## Exercise description
Only the lines below starting at the one that contains "操作面板上流線型設計的LED" and ending at the one that contains "Taza artesanal, perfecta" are to be reproduced, exactly and with both ends kept.

## Records for the task
------------------------

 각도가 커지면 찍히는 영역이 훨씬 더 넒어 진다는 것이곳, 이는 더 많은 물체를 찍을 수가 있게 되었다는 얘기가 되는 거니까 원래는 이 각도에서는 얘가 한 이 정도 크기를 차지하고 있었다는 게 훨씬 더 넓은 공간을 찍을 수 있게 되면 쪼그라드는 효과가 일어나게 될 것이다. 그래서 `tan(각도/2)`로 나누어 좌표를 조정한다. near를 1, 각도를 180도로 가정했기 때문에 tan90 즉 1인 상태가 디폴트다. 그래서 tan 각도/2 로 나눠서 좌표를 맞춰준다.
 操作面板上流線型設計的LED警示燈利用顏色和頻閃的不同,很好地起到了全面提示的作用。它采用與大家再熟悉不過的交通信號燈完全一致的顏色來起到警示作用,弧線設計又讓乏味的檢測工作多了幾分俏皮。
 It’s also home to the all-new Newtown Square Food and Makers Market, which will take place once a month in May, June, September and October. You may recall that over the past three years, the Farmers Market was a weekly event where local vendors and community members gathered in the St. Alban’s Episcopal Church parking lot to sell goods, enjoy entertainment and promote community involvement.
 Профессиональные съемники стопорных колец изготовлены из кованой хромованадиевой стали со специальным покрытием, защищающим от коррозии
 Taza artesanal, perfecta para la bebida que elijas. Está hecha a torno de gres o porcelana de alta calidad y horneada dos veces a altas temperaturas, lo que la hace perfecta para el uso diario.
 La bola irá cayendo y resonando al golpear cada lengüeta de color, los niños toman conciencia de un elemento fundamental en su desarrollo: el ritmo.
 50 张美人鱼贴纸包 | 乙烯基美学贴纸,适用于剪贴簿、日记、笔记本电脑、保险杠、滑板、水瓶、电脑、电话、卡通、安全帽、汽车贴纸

------------------------

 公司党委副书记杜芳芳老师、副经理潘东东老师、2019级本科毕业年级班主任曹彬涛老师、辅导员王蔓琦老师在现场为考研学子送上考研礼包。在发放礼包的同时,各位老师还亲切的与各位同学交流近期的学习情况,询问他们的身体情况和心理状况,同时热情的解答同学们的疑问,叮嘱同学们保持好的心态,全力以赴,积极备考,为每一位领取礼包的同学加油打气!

------------------------

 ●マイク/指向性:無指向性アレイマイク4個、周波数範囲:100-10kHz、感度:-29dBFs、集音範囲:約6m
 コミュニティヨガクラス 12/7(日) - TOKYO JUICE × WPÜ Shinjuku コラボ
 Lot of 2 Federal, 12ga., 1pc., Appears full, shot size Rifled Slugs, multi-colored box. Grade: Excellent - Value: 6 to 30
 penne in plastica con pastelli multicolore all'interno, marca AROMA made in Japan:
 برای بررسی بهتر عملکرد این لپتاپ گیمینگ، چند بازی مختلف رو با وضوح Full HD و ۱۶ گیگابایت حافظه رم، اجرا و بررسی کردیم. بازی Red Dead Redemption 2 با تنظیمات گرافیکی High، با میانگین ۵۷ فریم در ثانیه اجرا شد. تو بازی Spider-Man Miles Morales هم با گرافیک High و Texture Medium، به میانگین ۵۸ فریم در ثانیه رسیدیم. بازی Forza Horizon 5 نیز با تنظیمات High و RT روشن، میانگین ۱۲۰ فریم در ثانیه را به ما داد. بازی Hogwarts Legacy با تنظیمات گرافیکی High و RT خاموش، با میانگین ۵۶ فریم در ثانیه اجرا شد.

------------------------

## Expected output
 操作面板上流線型設計的LED警示燈利用顏色和頻閃的不同,很好地起到了全面提示的作用。它采用與大家再熟悉不過的交通信號燈完全一致的顏色來起到警示作用,弧線設計又讓乏味的檢測工作多了幾分俏皮。
 It’s also home to the all-new Newtown Square Food and Makers Market, which will take place once a month in May, June, September and October. You may recall that over the past three years, the Farmers Market was a weekly event where local vendors and community members gathered in the St. Alban’s Episcopal Church parking lot to sell goods, enjoy entertainment and promote community involvement.
 Профессиональные съемники стопорных колец изготовлены из кованой хромованадиевой стали со специальным покрытием, защищающим от коррозии
 Taza artesanal, perfecta para la bebida que elijas. Está hecha a torno de gres o porcelana de alta calidad y horneada dos veces a altas temperaturas, lo que la hace perfecta para el uso diario.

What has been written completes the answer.